I expect the same behavior as when a tool is mapped over an empty collection.
A collection is not a dataset however, so we haven't really specified what should happen. Also note that this is about providing a dataset or not. An empty collection is still specified as input, that is not the same as not providing a dataset. And not providing a dataset and not providing a collection will indeed result in the same behavior ;).
Tools should not execute if they receive an empty collection and optional=False.
I think we're venturing into undefined behavior territory here. Before fixing or changing things or declaring victory/defeat and/or arguing with past behavior we should define what is supposed to happen in all possible cases.
The options as I see them are:
Option 2 and 3 sound good to me, but I'm worried about this being very implicit. When an invocation has finished and you look at the result, did you expect a "skip" there, or did something go wrong ? Maybe we need to have some language feature to say "this output may be empty and that's fine" and otherwise we'll fail the step.
It seems like a multiple dataset parameter should always be a reduction... just as a strong typing argument... so I don't think I like ii or iii conceptually/theoretically?
iv feels like what we should do in the abstract, but then it should be handed off to the tool logic and i seems the correct result to me. I think I agree with @innovate-invent here... though to be more specific I would make the condition:
"Tools should not execute if they receive an empty collection and optional=False on a multiple=True dataset input parameter."
I suspect we introduced more null handling for conditionals and such but we're still not doing a good job distinguishing between null and an empty collection?
"Tools should not execute if they receive an empty collection and optional=False on a multiple=True dataset input parameter."
So ... we just don't generate a job ? Do we fill downstream step connections with null then ? And isn't that in contradiction to option 4 ? Or was the idea that option 4 is for optional=True case?
Not generating a job seems like a good optimization and generating a job but the input validation stuff failing it seems like a fine response also?

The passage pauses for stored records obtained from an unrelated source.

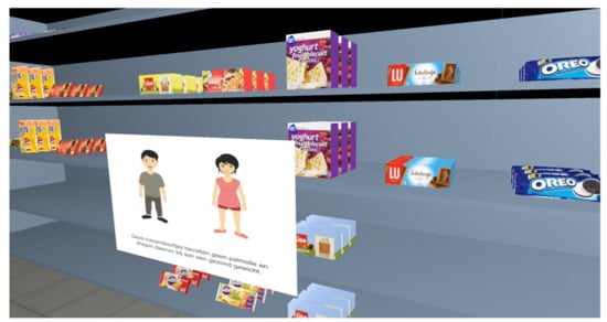 - Karkar, A.; Salahuddin, T.; Almaadeed, N.; Aljaam, J.M.; Halabi, O. A Virtual Reality Nutrition Awareness Learning System for Children. In Proceedings of the 2018 IEEE Conference on e-Learning, e-Management and e-Services (IC3e), Langkawi Island, Malaysia, 21–22 November 2018; IEEE: Piscataway, NJ, USA, 2018; pp. 1–6. [Google Scholar]
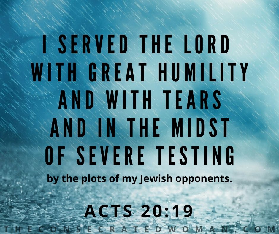 I served the Lord with great humility and with tears and in the midst of severe testing by the plots of my Jewish opponents.
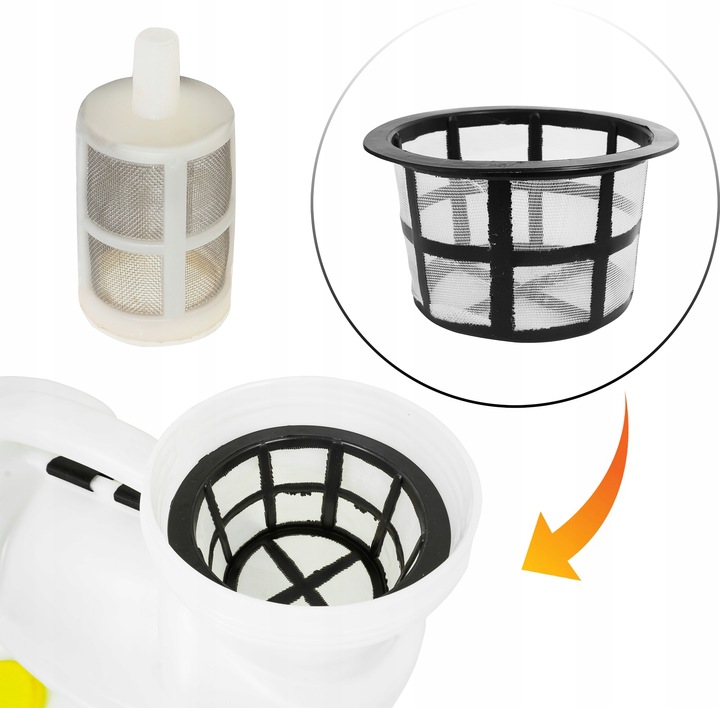 Опрыскиватель оснащен двумя фильтрами. Один побольше на входе, который защищает бак от ненужных примесей. Второй, меньший по размеру, установлен посередине резервуара, чтобы предотвратить выход загрязнений из цилиндра.
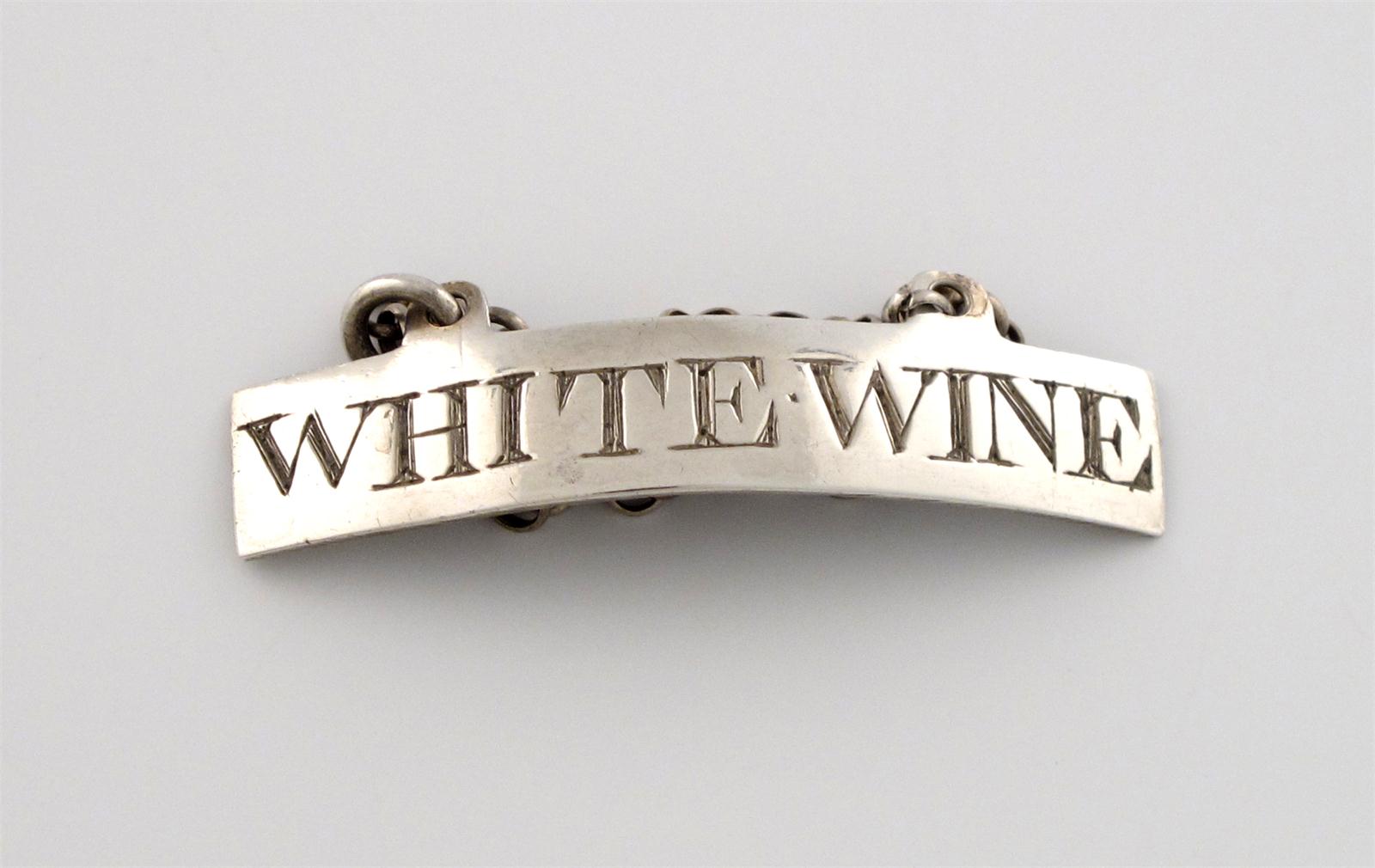 A George III silver wine label, by Mary Binley, circa 1770, slender rectangular form, incised 'WHITE WINE', length 4.4cm.
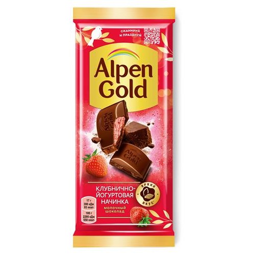 Шоколад Alpen Gold молочный с клубнично-йогуртовой начинкой, 90 г (kastd) в магазинах Ашан

No you're right - I was unclear there and imprecise. I guess when I said "run the job" I meant run the job setup code and presumably let it is just fail because the job inputs are invalid? I definitely don't think we should "run the job" in the sense of actually running the job on the cluster.

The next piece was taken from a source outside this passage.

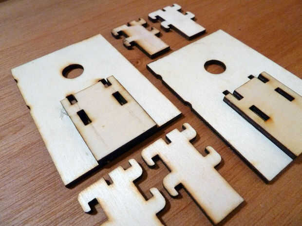He adjuntado los planes para un montaje del motor que lasercut de madera contrachapada de 3mm de espesor, pero no hay nada inteligente sobre él salvo que sólo las ranuras, por lo que los bits de Ciencias se pueden quitar fácilmente, dejando las placas de montaje principal en lugar. Me he metido en un trozo de tablero de Ponoko P1, y usted necesitará dos de estos corte.
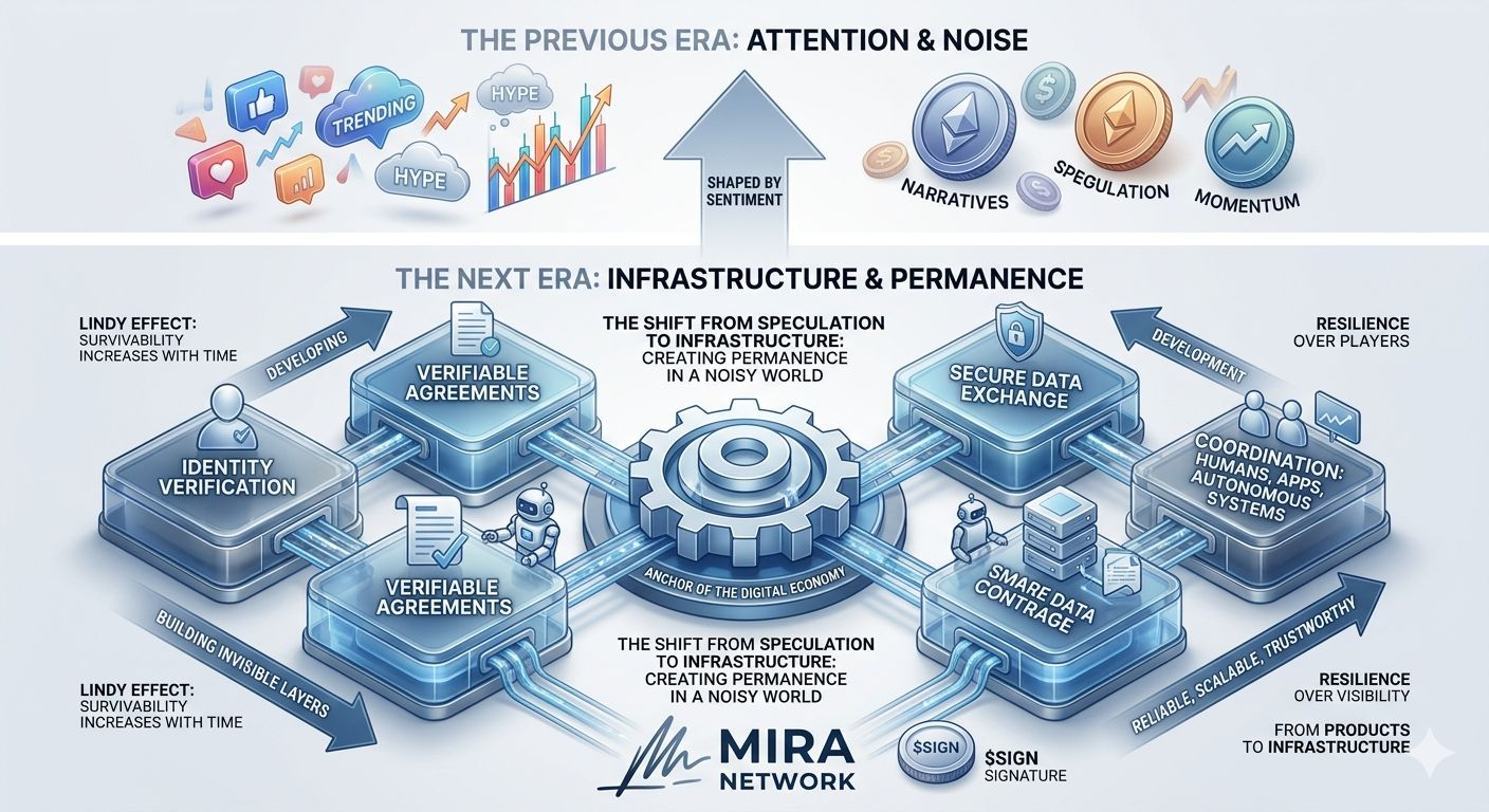 Die nächsten Gewinner sind möglicherweise nicht die Projekte, die heute die Zeitlinien dominieren. Stattdessen werden es wahrscheinlich die Netzwerke sein, die Vertrauensschichten aufbauen, die unabhängig von der Marktsituation funktionsfähig bleiben. Diese Systeme verwandeln sich von Produkten in Infrastrukturen, und sobald die Infrastruktur wesentlich wird, wird ihre Ersetzung nahezu unmöglich.

There is a contract between Galaxy and the tool where if the input is multiple=true but optional=false then there must be at least 1 dataset. The tool code is designed to expect at least one dataset and should not be expected to have the case of zero datasets defined. I would prefer to have functionality that handles this scenario gracefully rather than just tossing an error or violating the contract and generating the tool script.
Empty collections are common and I think this should be approached so that it makes workflows more robust: Lets say we have tools A, B, C, and D in a workflow. => is an empty collection and -> is a single dataset. B is the tool with a multiple=true optional=false input. Depending on the example its output is a single dataset or a collection. C is a tool with an optional single dataset input, single dataset output. D is a tool with a non-optional single dataset input, single dataset output. E is a tool with a multiple=true optional=true input, single dataset output.
I think these are rational behaviors given the following workflows: A=>B->C-> : B is not run, C is run as if its input was not provided A=>B=>C=> : B is not run, C is mapped over an empty collection and not run A=>B->D-> : B is not run, D is not run, any non-optional inputs attached to D are also not run A=>B=>D=> : B is not run, D is mapped over an empty collection and outputs an empty collection A=>B->E-> : B is not run, E is run as if its input was not provided A=>B=>E-> : B is not run, E is run as if its input was not provided
Given the documentation here: https://docs.galaxyproject.org/en/release_20.09/dev/schema.html#id31
Tools should not execute if they receive an empty collection and optional=False. This was true up until a recent update. I am testing on 20.09. I expect the same behavior as when a tool is mapped over an empty collection.
Attached is a workflow demonstrating the issue. empty_collection_succeed.ga.txt
I tested this on usegalaxy.org and saw the same issue.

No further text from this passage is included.